Similarity search

marco_aurelio_maia_silva · November 17, 2016, 5:32pm

Hi everybody. I'm trying to do a similarity search in my workflow. I have a collumn named "Oferta" that is listed a lot of kinds of offers by a company. When a put the node, does not bring all the results. Is it normal?

marco_ghislanzoni · November 17, 2016, 5:45pm

It may depend on your data, on your configuration/workflow or on both. Difficult to help without more information. Can you share some of the data and your workflow?

Cheers,
Marco.

marco_aurelio_maia_silva · November 18, 2016, 1:39pm

thats my project.

I have a database with some products offers of a company, but only to a few costumers.
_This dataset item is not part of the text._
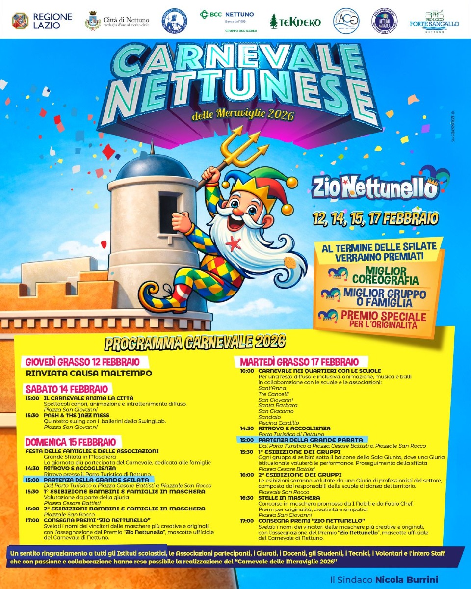 Nettuno, rinviata la sfilata di Carnevale che era prevista per questo giovedì grasso. A causa delle avverse condizioni meteo, la parata è stata posticipata a martedì 17 febbraio. Alle 10.00 del mattino ci sarà il Carnevale nei quartieri, con le scuole. Alle 15.30 la parata penderà il via dal Porto Turistico.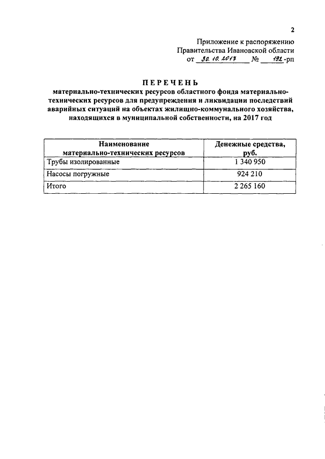 Распоряжение Правительства Ивановской области от 30.10.2017 N 192-рп "Об утверждении перечня материально-технических ресурсов областного фонда материально-технических ресурсов для предупреждения и ликвидации последствий аварийных ситуаций на объектах жилищно-коммунального хозяйства, находящихся в муниципальной собственности, на 2017 год"

I thought of clustering the entire customer base and this small base and then finding the similarity between the two bases. So arrive at the final model with all products, but "Isenção", for example is not in the final node. Can anyone help me please?

marco_ghislanzoni · November 18, 2016, 2:56pm

Hi Marco Aurelio,

having looked at your Workflow I think I understand what you are trying to do.
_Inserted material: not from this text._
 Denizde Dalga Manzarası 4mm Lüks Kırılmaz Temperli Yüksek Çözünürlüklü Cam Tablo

In practice you have clustered your customers on a subset of the data and now you are trying to assign a broader set of customers to the same clusters by evaluating their proximity to the 4 centroids.
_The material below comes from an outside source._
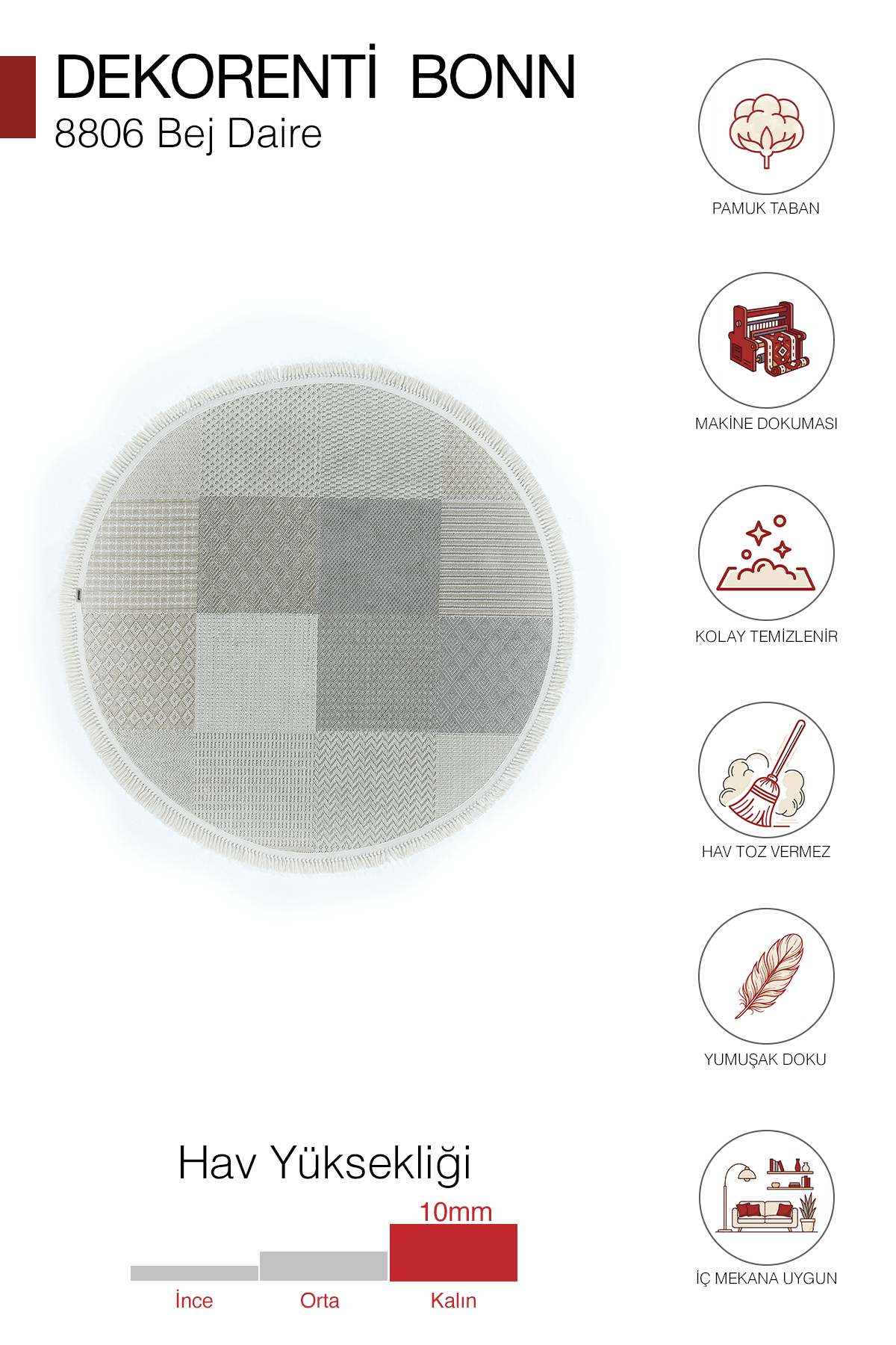 10 mm hav yüksekliği ile yumuşak ve konforlu bir zemin hissi sunar. Polyester iplik yapısı sayesinde tozumaz yapıda, dayanıklı, kolay temizlenebilir ve günlük kullanıma uygundur. Pamuk tabanı, örgü saçak yapısı ve 1.750 gr ağırlığı ile hafif, pratik ve uzun ömürlü bir kullanım sağlar.

If this is the case, here is what you should do:

Connect the 2nd output port of the k-Means node to the 2nd input port of a Similarity Search node. This will feed the node with the centroids of the 4 clusters defined by the smaller initial data set.
Connect the new larger dataset, after normalization, to the 1st input port of the Similarity Search node.
Configure the Similarity Search node to use the Euclidean distance and include all the Double type columns (this should be done automatically by the node when you selected the Euclidean distance and the inputs are already connected)

Now when you execute the Similarity Search node you will get 2 additional columns in your larger dataset, one indicating the nearest cluster for each row and the other indicating the Euclidean distance to the centroid of that cluster. See the following picture.

https://www.knime.org/files/knime_text_processing_introduction_technical_report_120515.pdf

Well, you were almost there I would say.

Cheers,
Marco.

18-11-2016_14-46-33.png

marco_aurelio_maia_silva · November 18, 2016, 5:33pm

Great! That's what i was looking for. Thanks a lot!

Now a question. Is there a node that i can save the secont output from kmeans, so i can put just this node on another workflow?

I was thinking to create 2 workflows. One to save the clusters and the model to run just once in a month, for example. And another workflow to run onde in a week to score the whole base. And in this node, i just call the model of clusters.

marco_aurelio_maia_silva · November 18, 2016, 5:47pm

Another doubt. How i turn back now, and based on cluster, get the "Oferta"?

marco_ghislanzoni · November 21, 2016, 9:57am

Sure. Just use a Table Writer node in your k-means workflow and read it back with Table Reader in your second workflow.

Cheers,
Marco.

marco_ghislanzoni · November 21, 2016, 10:05am

Is Oferta associated with each cluster on 1:1 basis? Or is it an outcome variable of some sort? I understand it is assigned according to some sort of rule, or not?

Cheers,
Marco.

marco_aurelio_maia_silva · November 21, 2016, 2:11pm

The client has some rules to offer a "Oferta". The ideia is for us to say which offers are more likely to be accepted.

I thought about taking the lowest distance value from each contract and associate with the model clusters to get the offers from each cluster. If you can, take a look at the final joiner.

Do you think that is a good ideia what i did?

model.knwf

marco_ghislanzoni · November 23, 2016, 12:21pm

Ok, I am not sure I understand anymore the earlier logic at this point.

So you are not trying to cluster the customers according to their characteristics, but more to predict which offer they are more likely to accept given their characteristics and on the basis of the behavior of previous customers (whether they accepted that offer or didn't accept it and churned).

If this is the case, rather than into clustering you should be looking into recommendation systems. See the following examples:

https://www.knime.org/knime-applications/lastfm-recommodation

https://www.knime.org/knime-applications/market-basket-analysis-and-recommendation-engines

Cheers,
Marco.

marco_aurelio_maia_silva · November 29, 2016, 1:26pm

Thanks a lot Marco!

system · June 2, 2023, 9:31pm

This topic was automatically closed 90 days after the last reply. New replies are no longer allowed.